According to an order filed on April 10, 2026, Selig handed over three more properties to court-appointed receivers. A vacant single-story lab/office building at 401 Queen Anne Ave N, a neighboring three-story, 20-unit apartment building, and a two-story office building at 423 3rd Ave W were backing a $17.3 million loan by HomeStreet Bank, which had since become part of Mechanics Bank, who had filed a petition in February 2026 to have the court appoint a receiver.

Martin Selig Real Estate's chief financial officer, Benjamin Freeburg, left the firm to become CFO of Clise Properties in September 2026. As of September 9, 2026, MSRE's web site lists four employees, including Selig and not including Freeburg.

===Projects===

- Columbia Center (owned until 1989): tallest building in Seattle since completion
- 1000 Second Avenue: company headquarters (owned until 2025)
- Fifth & Yesler Building
- Fifth & Jackson Building (owned until 2025)
- 1015 Second Avenue, at the site of Federal Reserve Bank Building (owned until 2025)
- The Modern (the company's first residential tower, opened in 2020; owned until 2025)

==Personal life==
Selig is a painter and an art collector, and owns works by Rembrandt and Toulouse-Lautrec.

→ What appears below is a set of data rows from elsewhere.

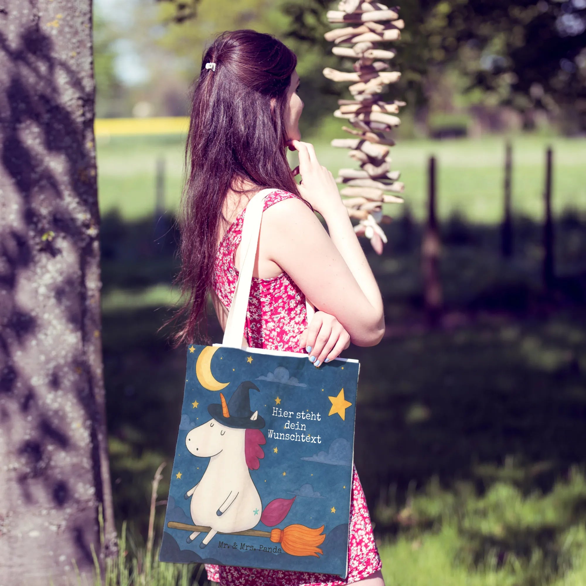 Personalisierte Einkaufstasche Einhorn Hexe Design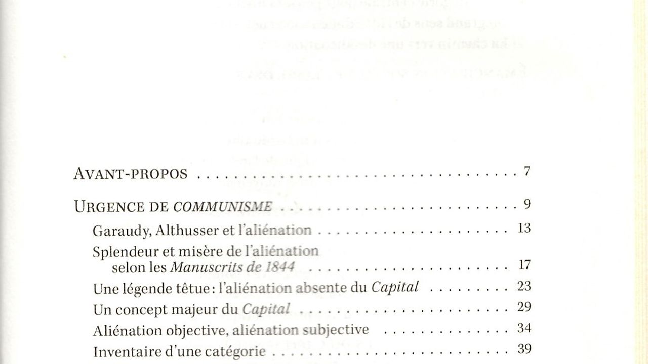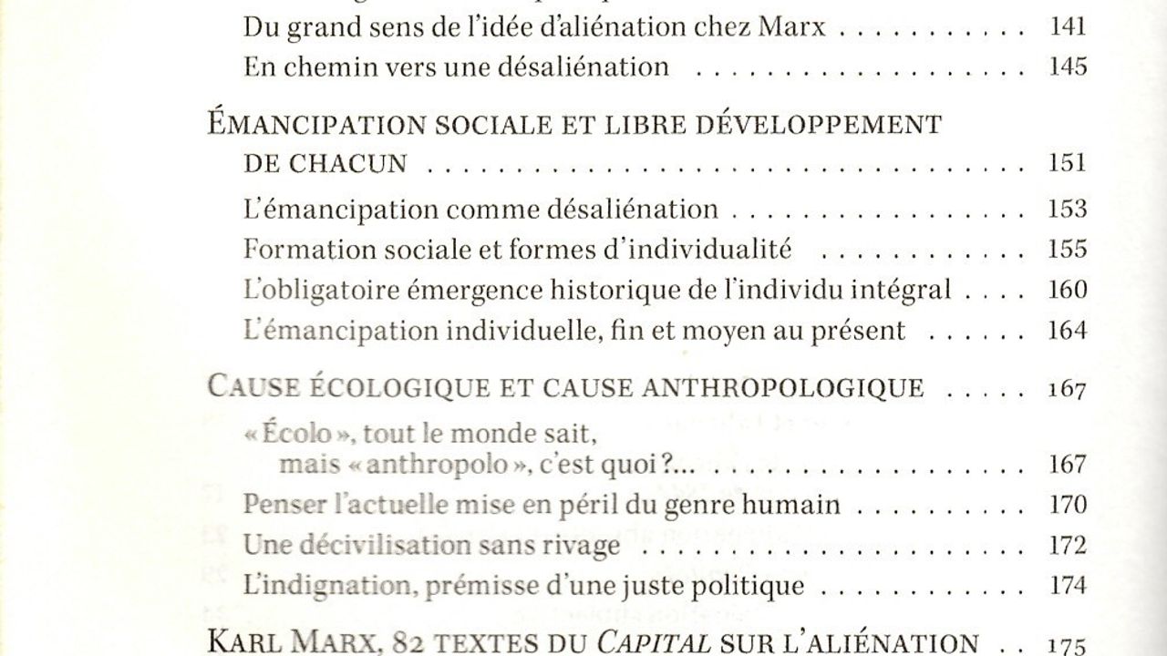 Cet ouvrage propose une lecture inédite de Marx en montrant, nombreux textes à l'appui, que l'idée d'aliénation, centrale dans les Manuscrits de 1844, texte de jeunesse auquel s'arrêtent la plupart des commentateurs contemporains, non seulement ne disparaît pas du Capital mais y acquiert une tout autre portée. Au-delà de la dénonciation des souffrances de l'individu au travail, elle met en examen les logiques de base du capitalisme : faute d'appropriation collective, les productions humaines de tous ordres se convertissent en puissances sociales incontrôlables et écrasantes, menant le genre humain à sa perte.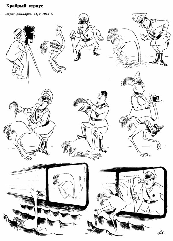Очень знаменитая карикатурная серия той поры называется «Храбрый страус». В ней Бидструп выражает своё отношение к правительству Дании времён оккупации. Когда немцы в апреле 1940 года напали на Данию, то правительство, подобно страусу, спрятало голову в песок. Затем показано, что захвативший страну фюрер делает с «датской птичкой»: вырывает перья из хвоста, катается на ней верхом. Зато когда фашисты были на всех фронтах разгромлены, расхрабрившийся страус клюнул Гитлера в нос, да и то не самого фюрера, а лишь его изображение на киноэкране.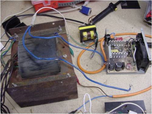 BTW, I like the way you use alligator clips to connect the inverter. Looks much too familiar to me . Keep in mind that those cheap and nasty wires/clips (ever opened one ? More plastic insulation than copper wire in them) have large resistances, ~0.5-1 ohm. I consider them 'connectable fuses'. The best part: they start to smoke before they open, thus giving a warning. I normally put a 2nd wire parallel over the ones that smoke . And I permanently have 4-5 wires that are waiting for repair (I replace the cheap wire by much thicker, usually taken from old PC PSUs (hey! Another use for those PSUs!).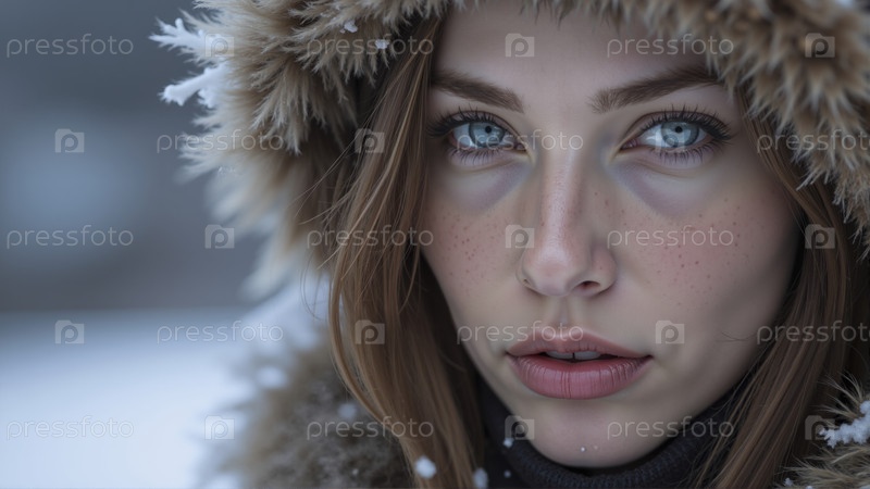 Молодая женщина с длинными коричневыми волосами в меховом зимнем пальто на открытом воздухе в снежную холодную погоду крупный план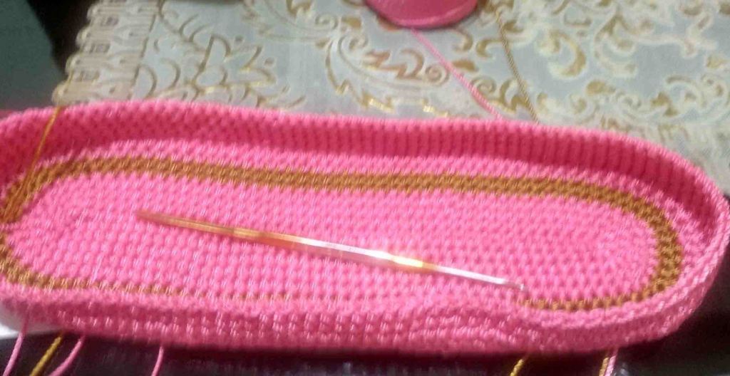 Alas tas rajut diberi sentuhan warna gold (seperti warna coklat, tetapi kalau beli bilangnya warna gold atau keemasan).

He was married to Andrea Selig; they divorced in 1995. They have three children: David, Lauren and Jordan. Selig later married artist Catherine Mayer.

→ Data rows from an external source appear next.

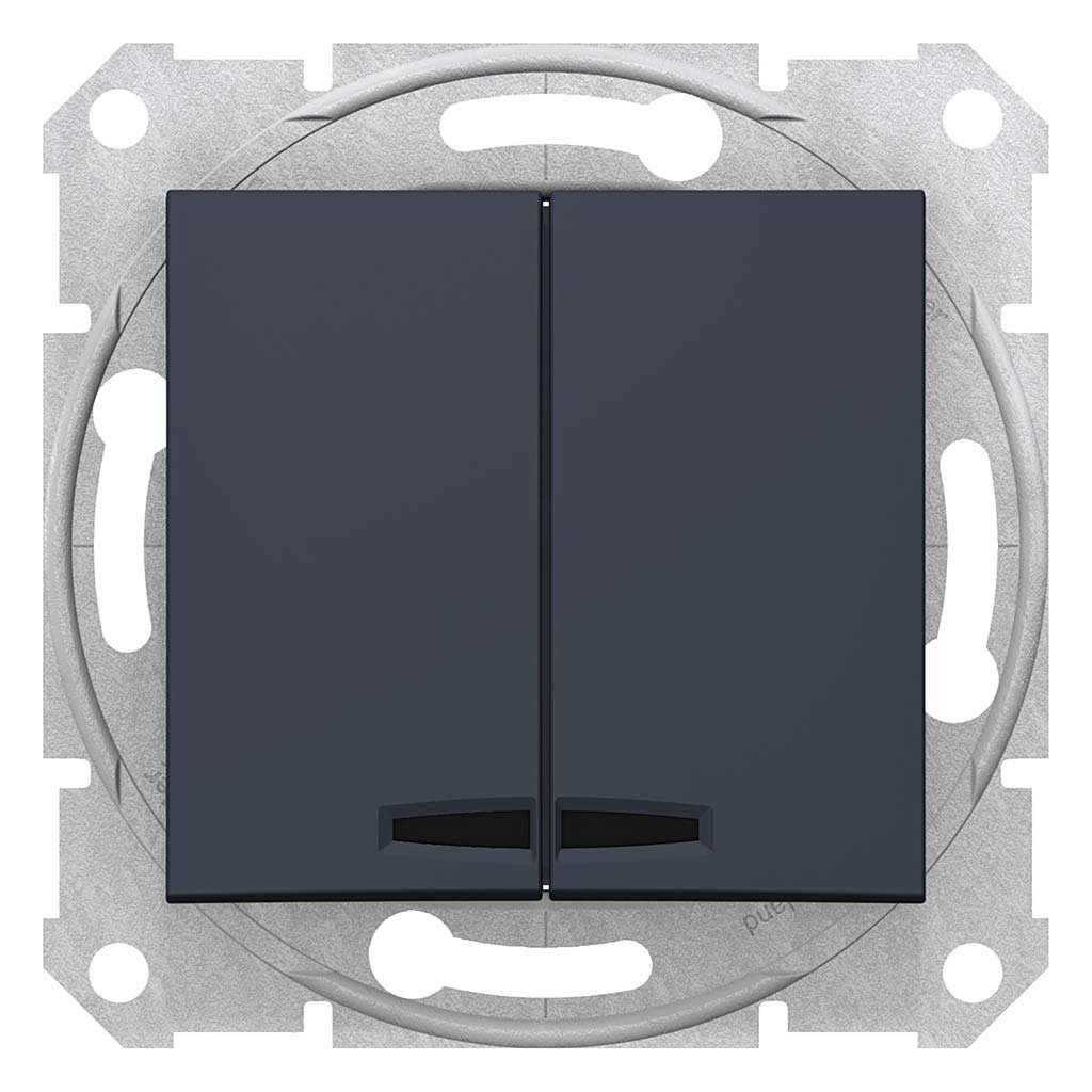 Двоклавішний вимикач з синім підсвічуванням клавіш для внутрішньої установки. Для увімкнення / відключення двома групами світла.Характеристики: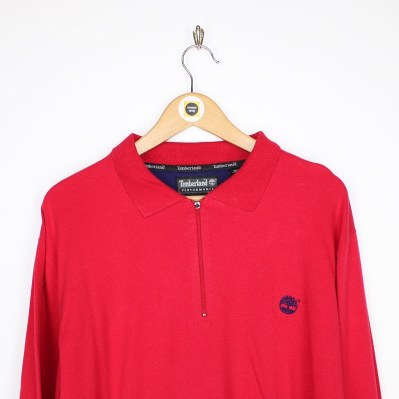 Vintage 90's Timberland Red and Navy Blue Pullover 1/4 Zip Sweatshirt Jumper Size on label: XL Our recommended size: XL Pit to pit (inches): 24 Length (inches): 28 All products listed are vintage unless stated otherwise in the description. These items are pre-loved and pre-worn, resulting in small signs of wear and minor fading. We think this adds to their unique authenticity, but if an item has any major flaws these will be stated below. Please contact us if you have any further questions!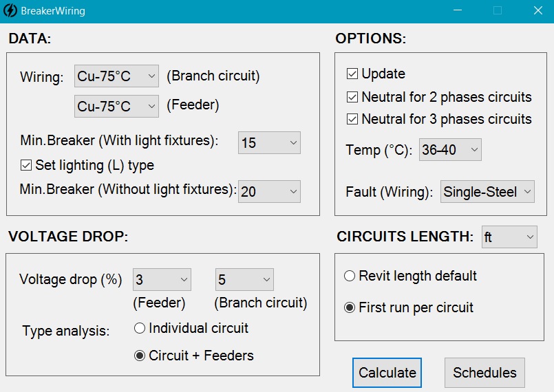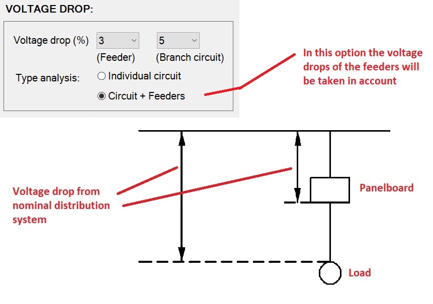 - Voltage drops: Data percentage of voltage permissible drop: 0.5 % to 5 %, it can be manually changed by the user, and this calculation can be done individually per circuit or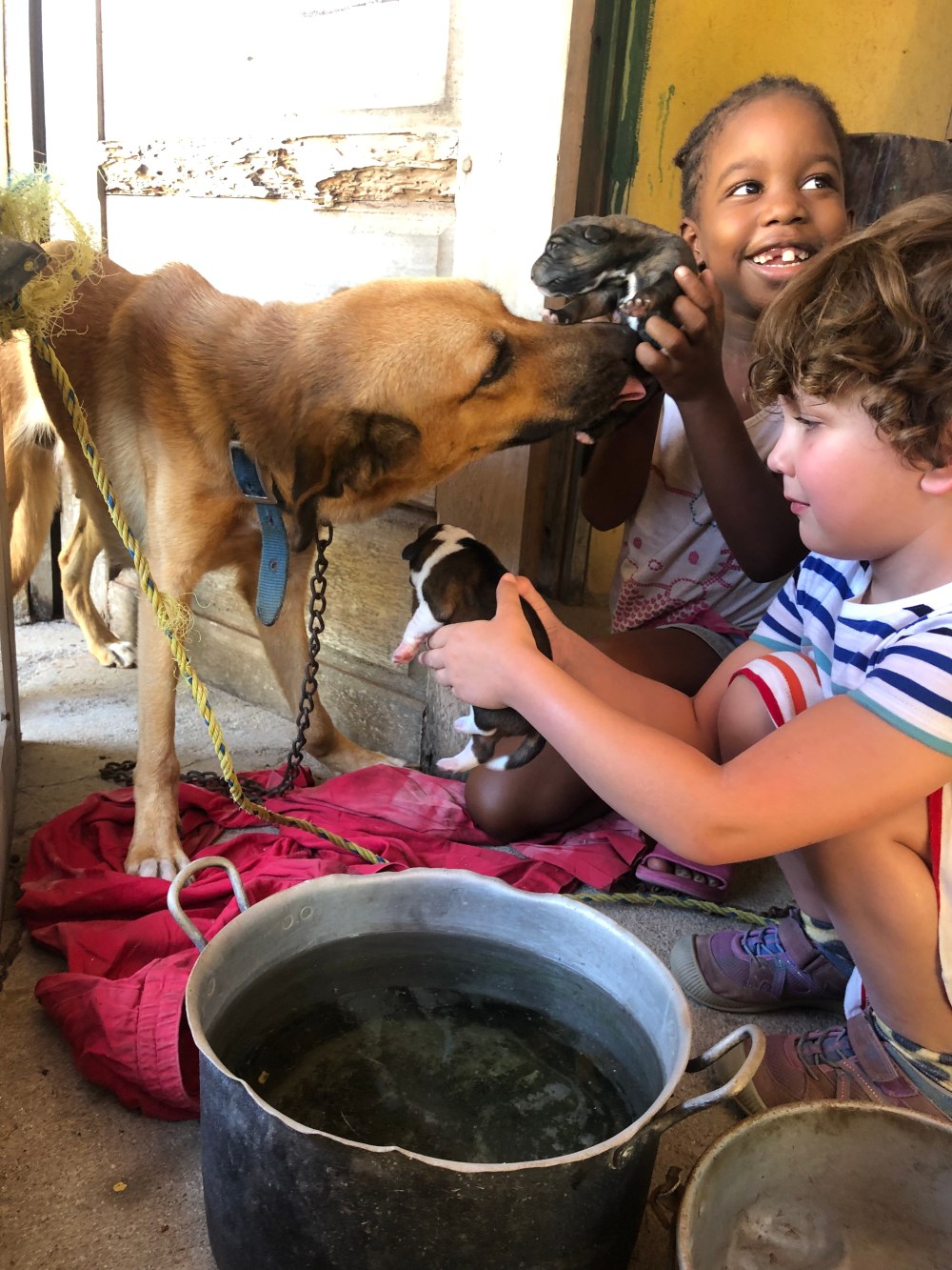 The six of us loaded up and went into Seine Bight, about 15 minutes down the road, for dinner. Really good stewed chicken, so-so pan-fried fish, and yellow cake for dessert. Ami ate three pieces of cake, refused anything else, and then went out behind the restaurant to write her name in the dirt with her hands. Siiiiigh.

Lauren Selig, a film producer and corporate executive, is the widow of Russian-born American Kyril Faenov, head of Microsoft's High Performance Computing Lab, who died by suicide in 2012.

Jordan Selig, who was the presumptive heir of Martin Selig Real Estate, left her position as executive vice president of the firm in April 2025.

===Political views===

Selig is a Republican and donates to political causes. He endorsed and planned a fundraiser for Donald Trump in the 2016 presidential election, but later withdrew his support. He later contributed $50,000 to Donald Trump's 2020 presidential campaign.